Нижняя губа Коулмена отвалилась до самого подбородка, а брови поползли вверх, напоминая арки световой рекламы закусочных «Макдональдс».
– Ну, и прекрасно, моя дорогая, – начал он в покровительственном тоне. – И что же вам удалось понять в производстве инсектицидов?
– Это грязное дело. Вы эксплуатируете бедных людей и загрязняете окружающую среду.
Брови Коулмена вернулись на место.
– Выходит, вы с места в карьер стали экспертом по данному производству.
Он произнес это крайне цинично, что не могло не смутить Патрицию.
– Я этого не утверждаю. Но, дядя Хорейс, вам следовало бы там побывать и разобраться во всем самому. Ведь ответственность за происходящее лежит на финансово-промышленной группе Стоунхэм!
– Вы хотите сказать, что ответственность лежит и на мне, не так ли?
– Нет, дядя Хорейс. – Патриция чувствовала, как почва ускользает у нее из-под ног. Она намеревалась обвинить его в грязных делах, которые компания творит в Ногалесе, а вместо этого оказалась вынуждена обороняться сама. – Я хочу сказать, что… что…
С великим трудом Коулмен поднялся из своего крупногабаритного с необычайно толстой обивкой кресла; подушки, казалось, издали при этом вздох облегчения. Нависнув над Патрицией, он заговорил, и в голосе его послышались гнев и обида.
– Я помог вашему деду создать эту компанию и уже на протяжении трех лет руковожу ею исключительно в ваших интересах. И вот вы совершаете мимолетную поездку по Мексике – и на основании увиденного обвиняете меня в том, будто я что-то делаю не так, как надо?
– Нет-нет… – Патриция плотно сжала губы, набираясь решимости довести задуманное до конца. – Но я считаю, что компания, изнуряющая людей, отравляющая воду, которую они пьют, заставляющая их жить в картонных коробках, недостойна уважения…
Она сама удивилась тому, с какой непримиримостью произнесла все это.
Подбородки Коулмена затряслись – верный признак, что он раздражен, – и он вновь опустился в кресло. Но вот на губах у него опять заиграла улыбка.

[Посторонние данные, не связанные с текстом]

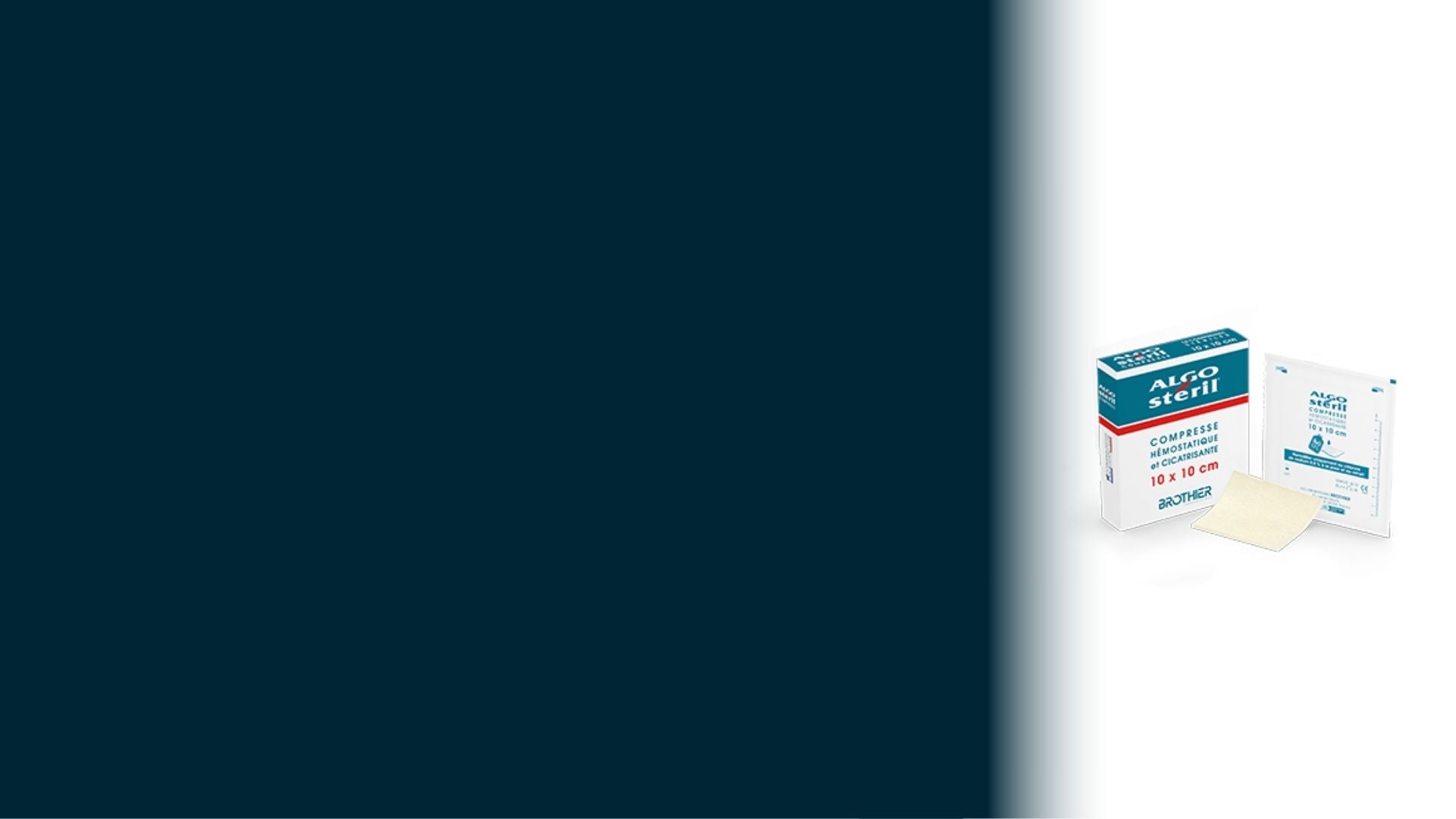 Distributeur :AlgosterilCompresses Algostéril hémostatiques cicatrisantes stériles - 3 formats - Laboratoires Brothier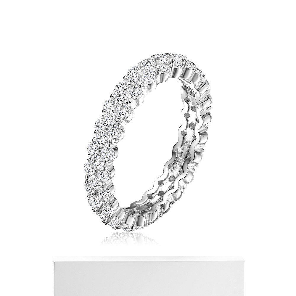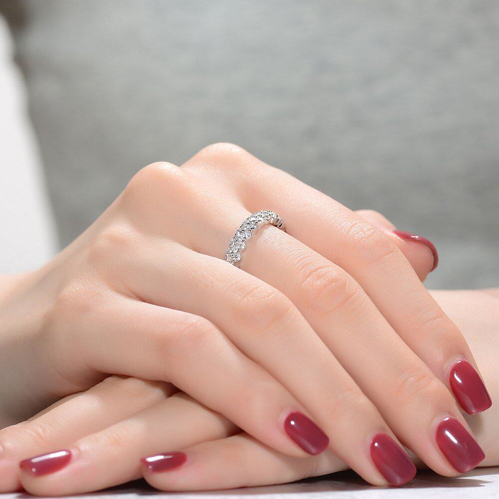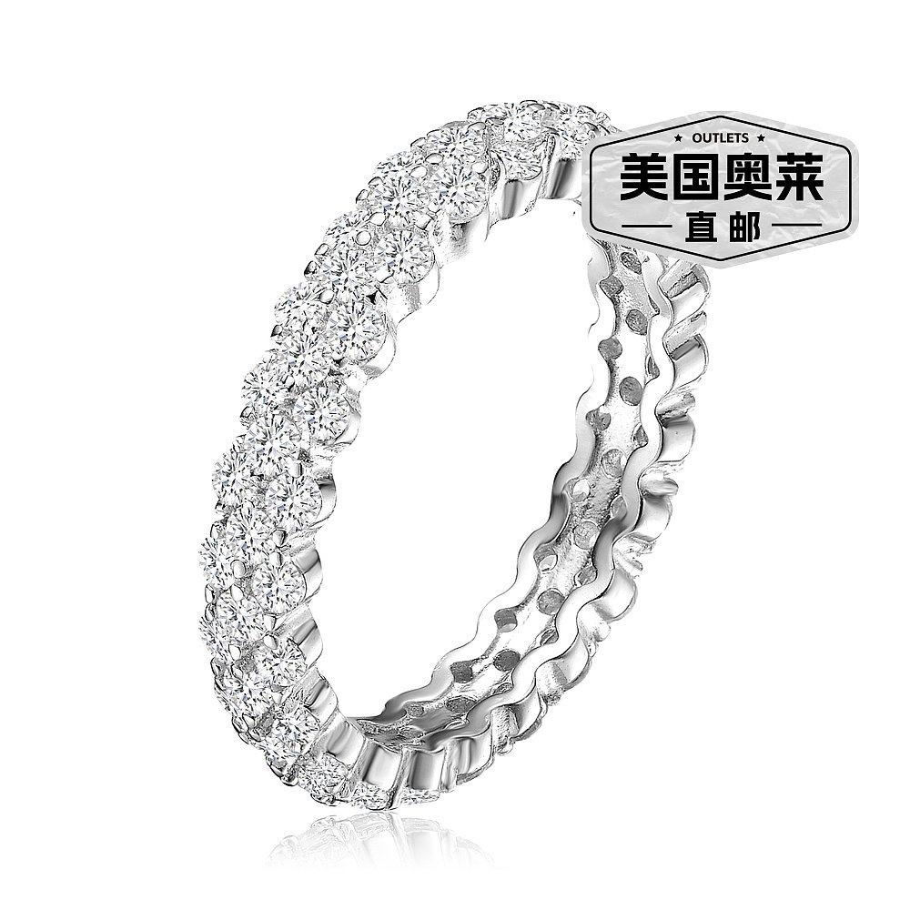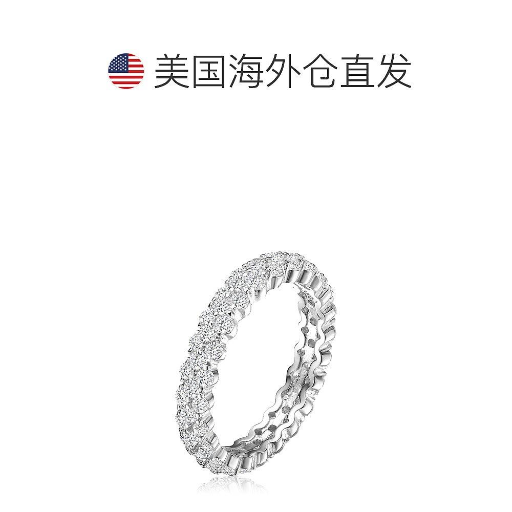 自营 GENEVIVE 纯银透明圆形立方氧化锆弯曲永恒戒指 - 银白色 美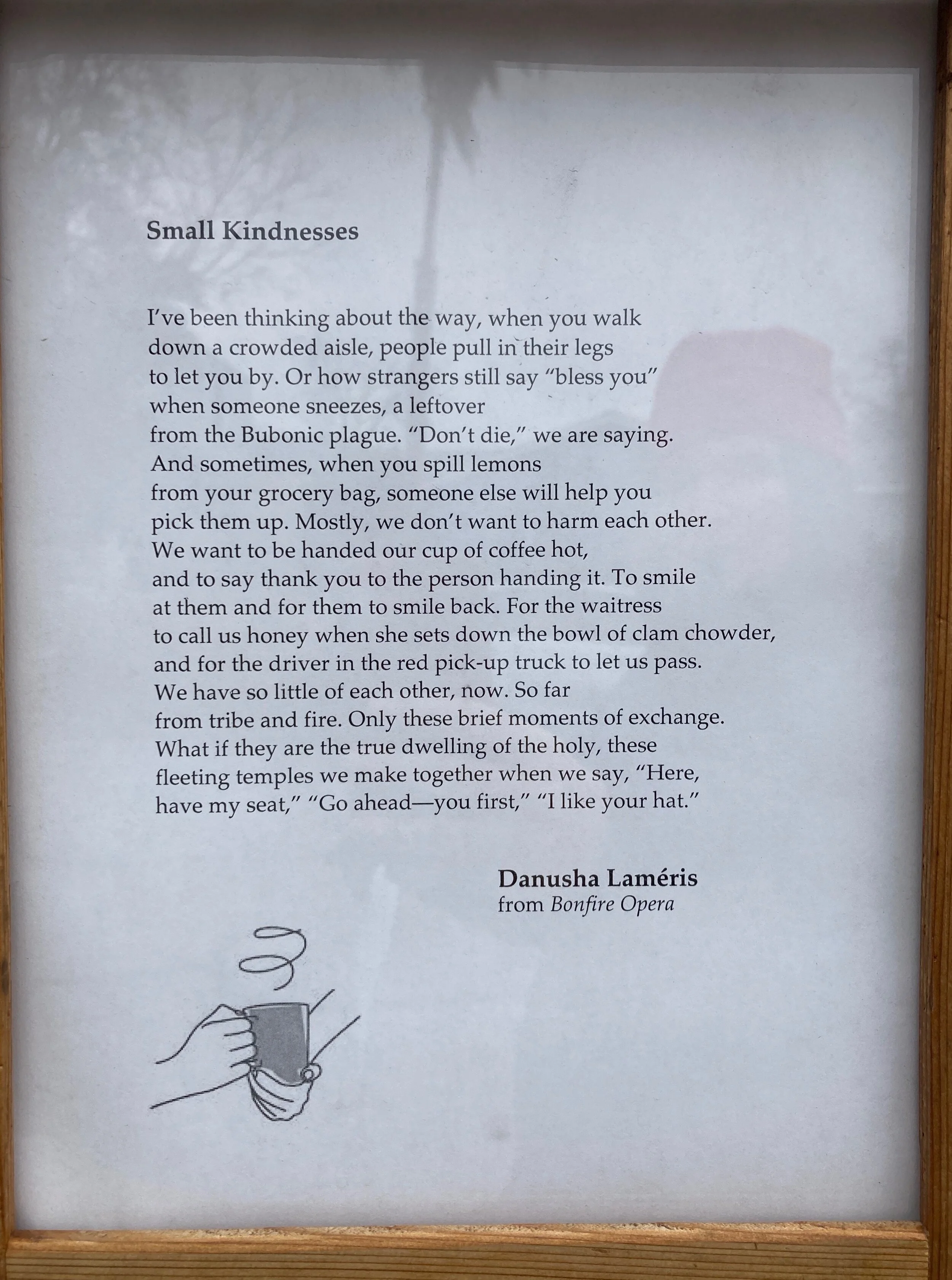 I don’t know much of Danusha Laméris’s work, but this poem keeps appearing along my path and I love it more each time I encounter it. It’s a poem so filled with pre-pandemic images that speaks so beautifully to what we need—and miss—in these pandemic times. Copies of it disappeared from the box quickly.

– Мне следовало бы быть умнее. Вы такая чувствительная, такая впечатлительная девушка, и так мало времени провели в реальном мире… – Он сделал паузу. – То, что вы увидели, называется условиями жизни в слаборазвитой стране, пытающейся провести промышленную революцию. Перенаселение, столь отвратительное на взгляд того, кто привык к роскоши, является на деле одной из примет промышленного роста – одной из черт прогресса. Через пару лет все это исчезнет, а на месте лачуг появятся небоскребы, уверяю вас.
– Но и сейчас нельзя допускать, чтобы люди жили в таких условиях, – это бесчеловечно.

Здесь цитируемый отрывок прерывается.